After 18 years of a law practice devoted to counseling landowners, home builders and commercial interests affected by the long arm and severe penalties of the Endangered Species Act, I am used to incredulous looks and outraged oaths from clients coming to grips with the Act's incredible burdens on impacted private citizens.
"Are you telling me I can't build my Burger King because a Delhi Sands flower-loving fly that has never been seen and is above ground only a few days a year might be near-by?"
"I can't build a connector road because the noise from construction might damage the hearing of the Stephens' kangaroo rat thus impairing its reproduction?"
"All construction in San Diego involving impacts to road ruts which might contain Vernal Pool Fairy Shrimp is enjoined? All construction?"
Yes, yes, and yes. The list of situations in which the ESA has stopped otherwise legal and fully permitted projects from proceeding is extraordinarily long and getting longer. With Wednesday's decision to list the polar bear as "threatened" the burden on the American economy brought about by the ESA grew exponentially.
I have written here and here on the polar bear controversy. Those columns delineated how the advocates of the polar bear listing planned on using the bear to impose vast new controls on the emissions of greenhouse gases across the United States. When Secretary of the Interior Dirk Kempthorne announced the listing, he also made a bold statement that the new status of the polar bear would not lead to such consequences.
To which the environmental activists replied immediately: "Says who?" The law is the law, they correctly noted, and it cannot be cabined by "guidance" issued by the executive branch. Here's one example of the reality of the listing's aftermath from the pages of USA Today:
Kassie Siegel, a lawyer with the Center for Biological Diversity, said the group does not accept Kempthorne's view.
The act requires federal agencies to take steps to reduce or eliminate those impacts on threatened species, she said. "There is no exemption for greenhouse gas emissions."
If the government fails to address global warming, "we can and will go to court to enforce the law," she said.
The industries most likely to be pummeled by the polar bear are energy production, aggregates extraction, transportation, and commercial building because each can be shown quite easily to result in increased emissions of greenhouse gases and each routinely requires federal permits to go about some aspect of their business. (The coal industry may be target number one, followed by oil drilling in the lower 48.)
The Act operates simply. Once an animal is listed, it becomes a felony to harm or harass it without the permission of the feds.
Harm or harassment has been defined to include destruction or impairment of the habitat the species actually occupies. (Some more radical views argue that harm to habitat that could be occupied in the future should also be a felony under the Act, but that view has not yet been upheld by a court of appeals.)
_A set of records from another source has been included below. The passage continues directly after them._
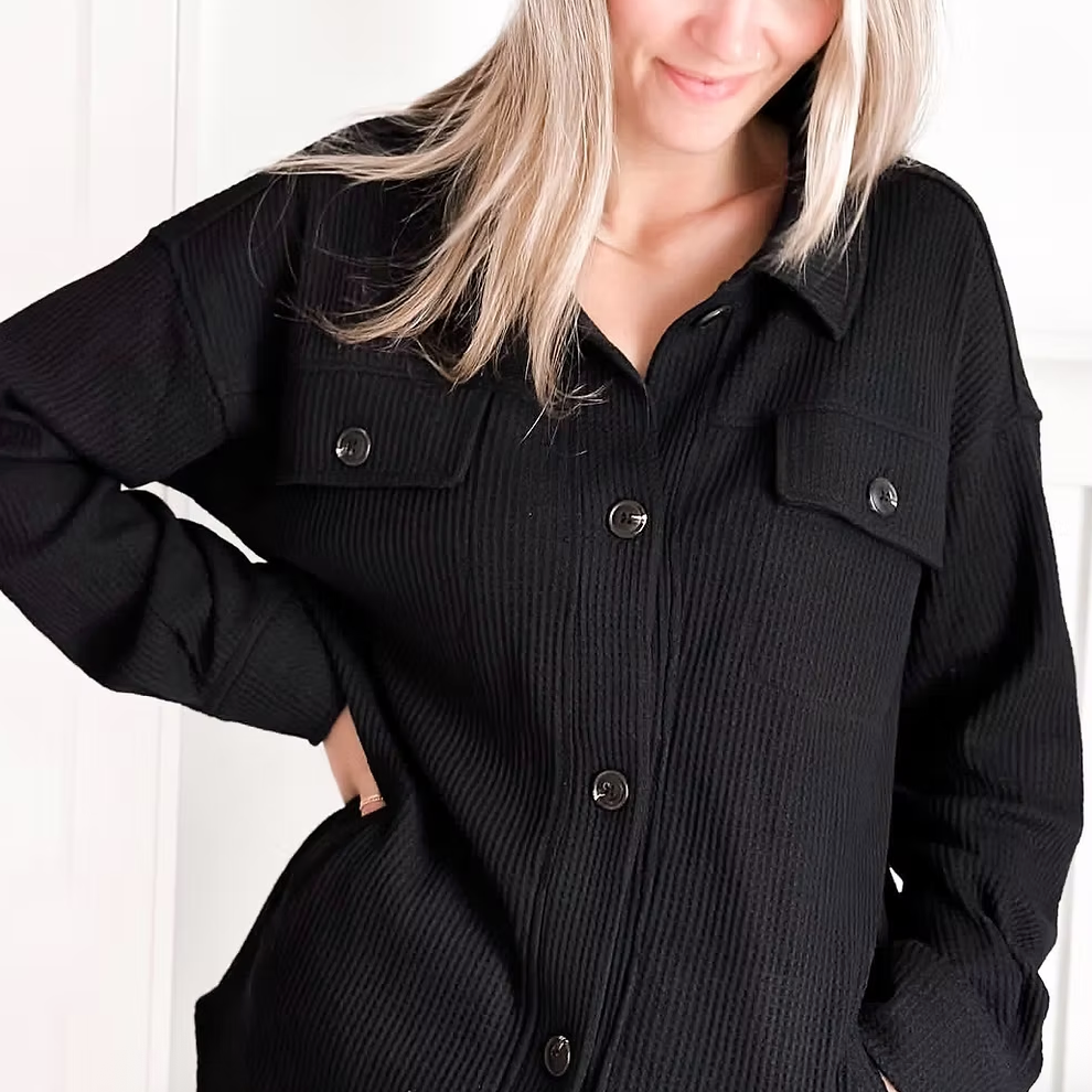 These women's loose fit, oversized waffle knit button down shackets are made of high quality textured waffle, perfect for all Seasons and perfectly matches with so many outfit combos.
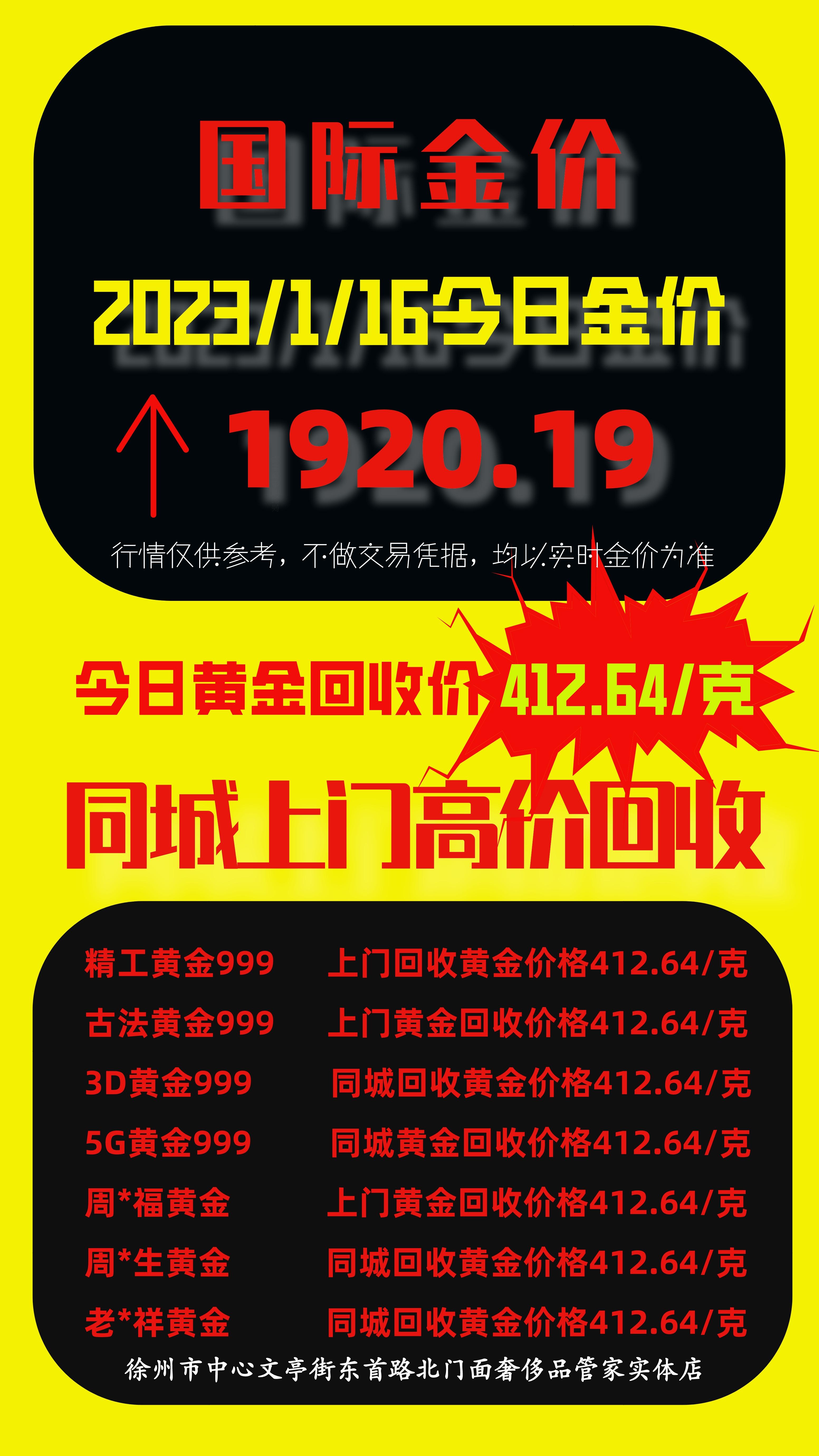 周一(1月16日)今日徐州萧县回收典当抵押黄金价格多少钱一克? 发表评论 38,589 次浏览 A+所属分类:黄金回收 周一(1月16日)今日徐州萧县回收典当抵押黄金价格多少钱一克?刚刚徐州现货黄金小幅冲高,刷新4月25日以来高点至1922.12美元/盎司。 这是我的微信 可以发图在线询价,或者直接拨打电话:152-5182-3366/199-7519-7817咨询预约上门回收。
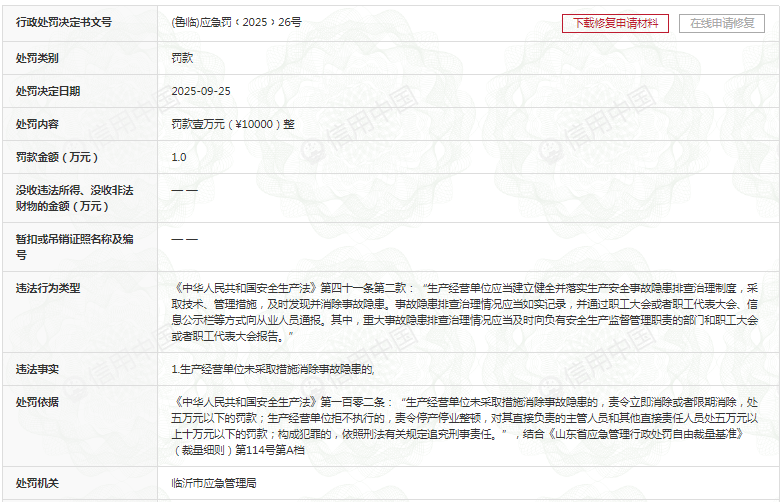 齐鲁晚报·齐鲁壹点记者注意到,9月25日,该公司亦曾因生产经营单位未采取措施消除事故隐患的违法事实,被罚款壹万元(¥10000)整。行政处罚决定书文号:(鲁临)应急罚﹝2025﹞26号。
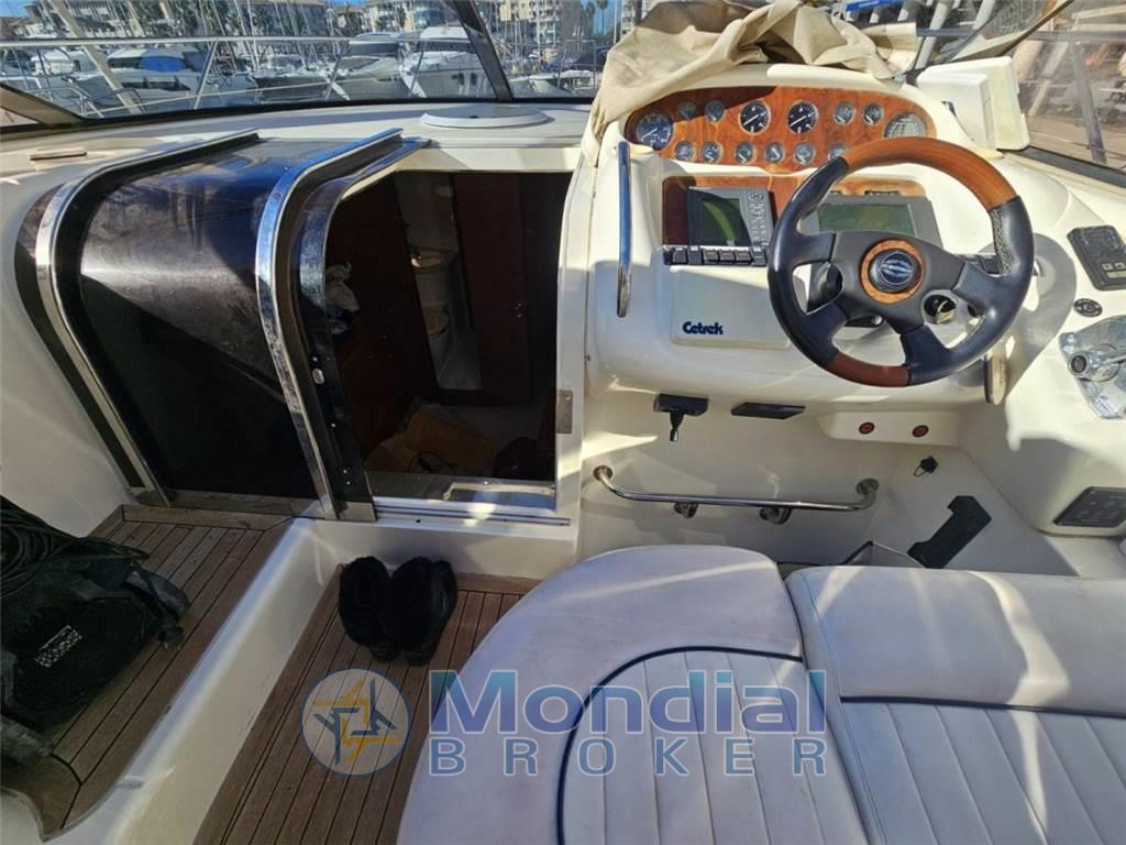 Le dotazioni opzionali includono elica di prua, pilota automatico, generatore, GPS/ecoscandaglio, flap, parabola satellitare e verricello elettrico.
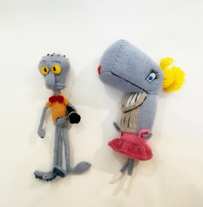 Knitting Patterns -Knit an adorable Pearl Krabs and Squidward DIY toys
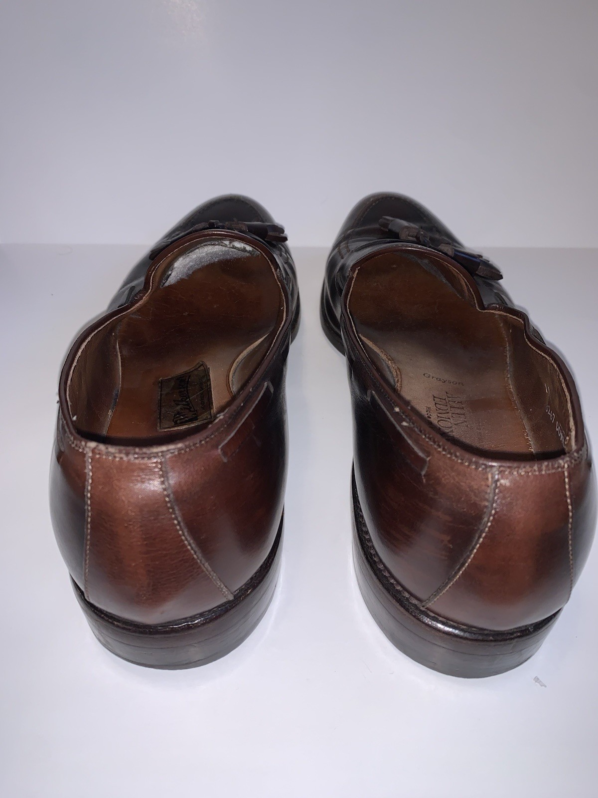 The Allen Edmonds Grayson Brown Leather Tassel Loafers are a stylish and high-quality pair of dress shoes made in the USA. These slip-on loafers feature a solid brown color with tasseled accents, perfect for adding a touch of sophistication to any formal outfit. Crafted with leather upper material and lining, these shoes are durable and comfortable for all-day wear. Ideal for men looking for a classic and American-made shoe option, these loafers are a great choice for summer, fall, and spring seasons.

Because the polar bear has been listed as threatened due to alleged deterioration of its ice habitat, and because the alleged loss of the ice habitat has occurred because of global warming caused at least in part by the emission of greenhouse gases, environmental activists will argue that all emissions of greenhouse gases that flow as a consequence of the grant of a federal permit of any sort are now subject to review under the ESA and, crucially, that those permits cannot be issued unless and until the United States Fish & Wildlife Service reviews and approves of the requested permit under Section 7 of the ESA, a process which takes at a minimum months and which can cost millions of dollars even if it is successful.
Because of the generous "citizen standing" provisions of the ESA, expect dozens of "60-day" letters to begin to arrive in the offices of Secretary Kempthorne very soon, announcing that unless the Department and the Service act to invoke Section 7 vis-a-vis this or that federal permit, a lawsuit will be filed to force compliance. Expect most of those suits to be filed in the Ninth Circuit, where the appeals court has been very expansive in applying the ESA.